Meath I.F.C.
- Season: 1960
- Champions: Athboy 1st Intermediate Football Championship title
- Relegated: Carlanstown, Castletown, Millbrook (to 1961 J.A.F.C.) Fordstown, Kilberry (to 1961 J.B.F.C.)

= 1960 Meath Intermediate Football Championship =

Gaelic football competition

The 1960 Meath Intermediate Football Championship is the 34th edition of the Meath GAA's premier club Gaelic football tournament for intermediate graded teams in County Meath, Ireland. The tournament consists of 12 teams. The championship format consists of a league stage.

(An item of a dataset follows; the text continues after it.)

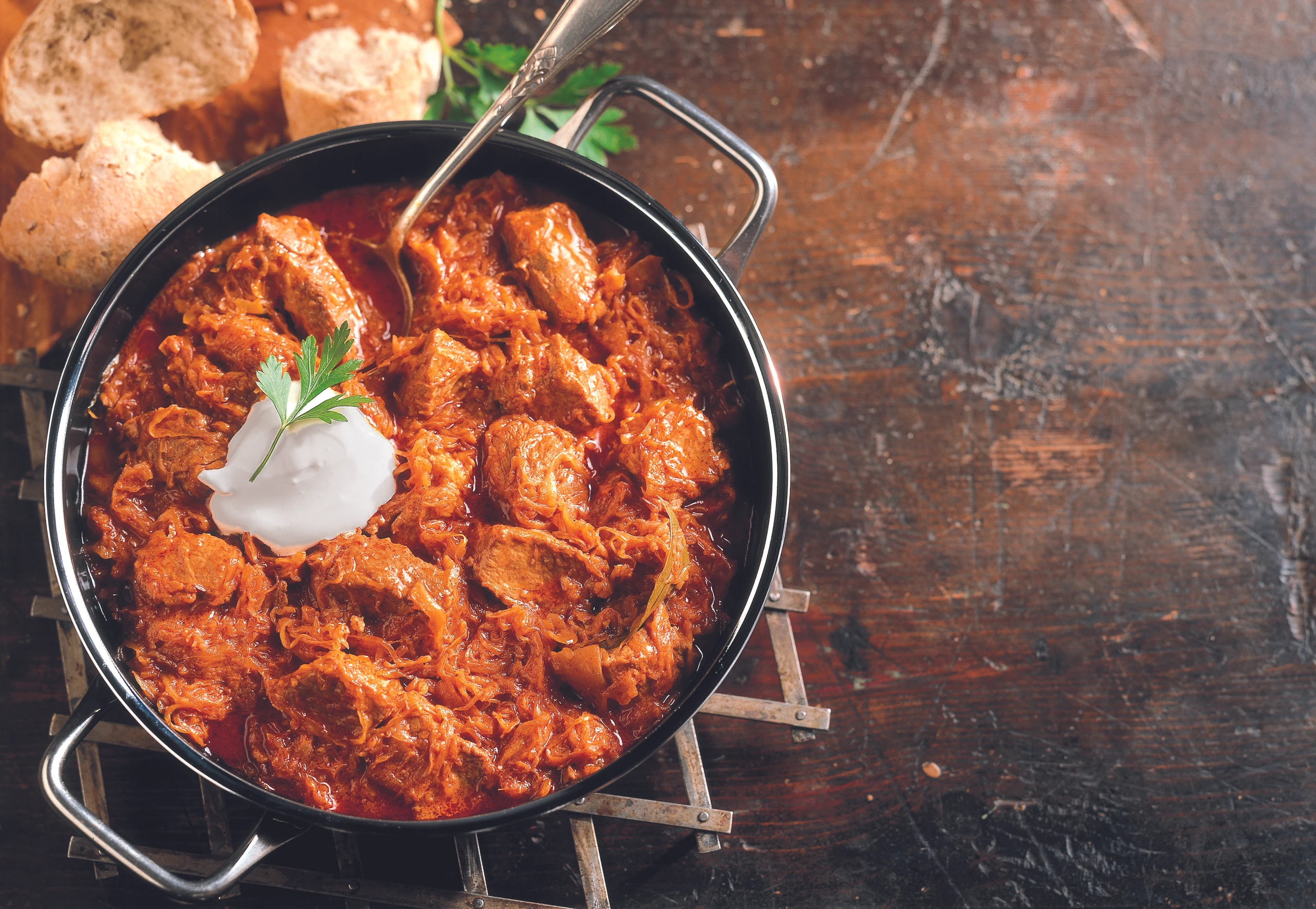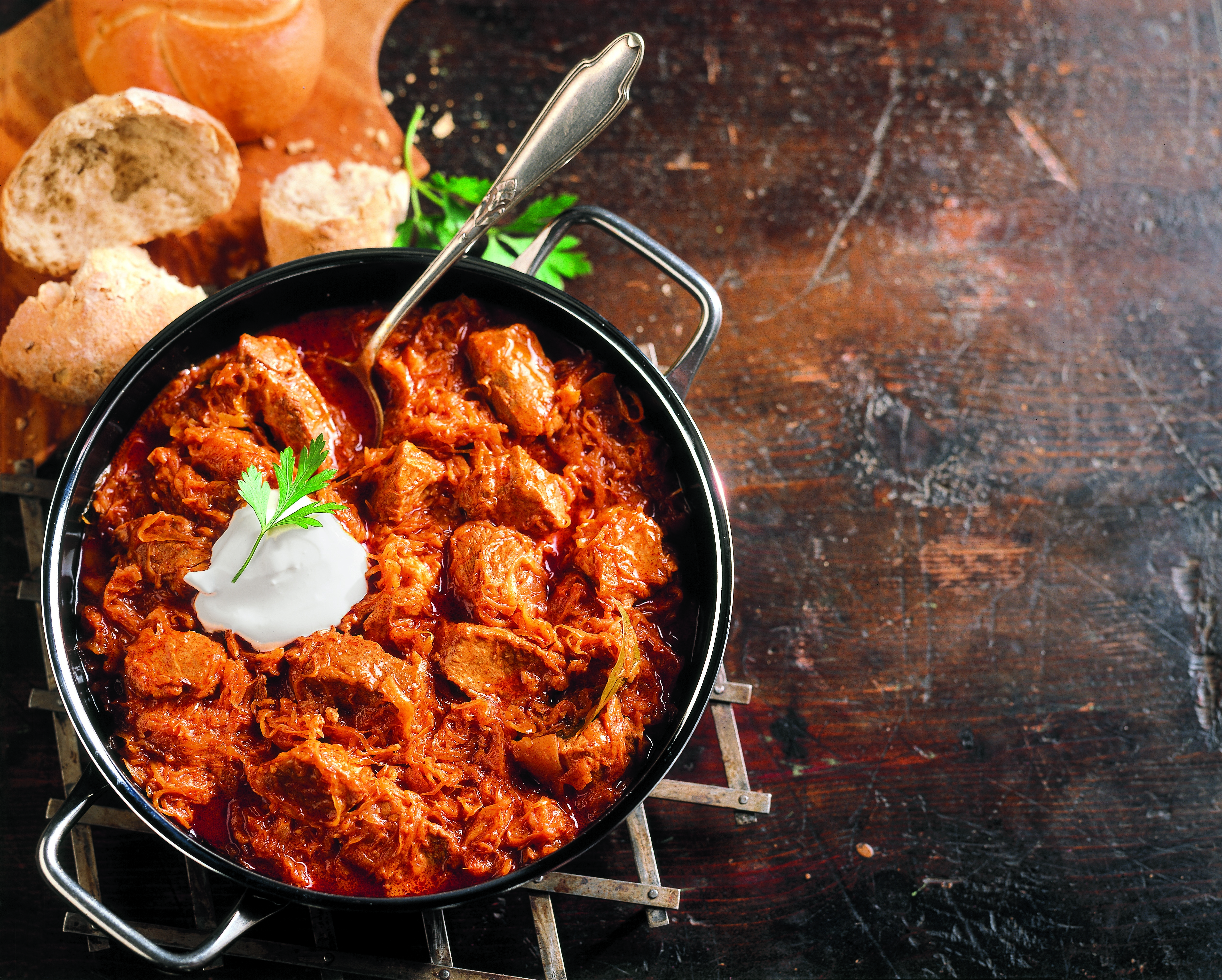 - Zwiebel in Öl unter öfterem Rühren goldgelb rösten. Hitze reduzieren, das Paprikapulver einrühren und anschwitzen. Wasser zugießen und aufkochen. Fleisch salzen, pfeffern, untermischen und bei mittlerer Hitze zugedeckt ca. 45 Minuten dünsten.

No team was regraded from the 1959 S.F.C.

At the end of the season Carlanstown, Castletown and Millbrook applied to be regraded to the 1961 J.A.F.C. while Fordstown and Kilberry applied to be regraded to the 1961 J.B.F.C.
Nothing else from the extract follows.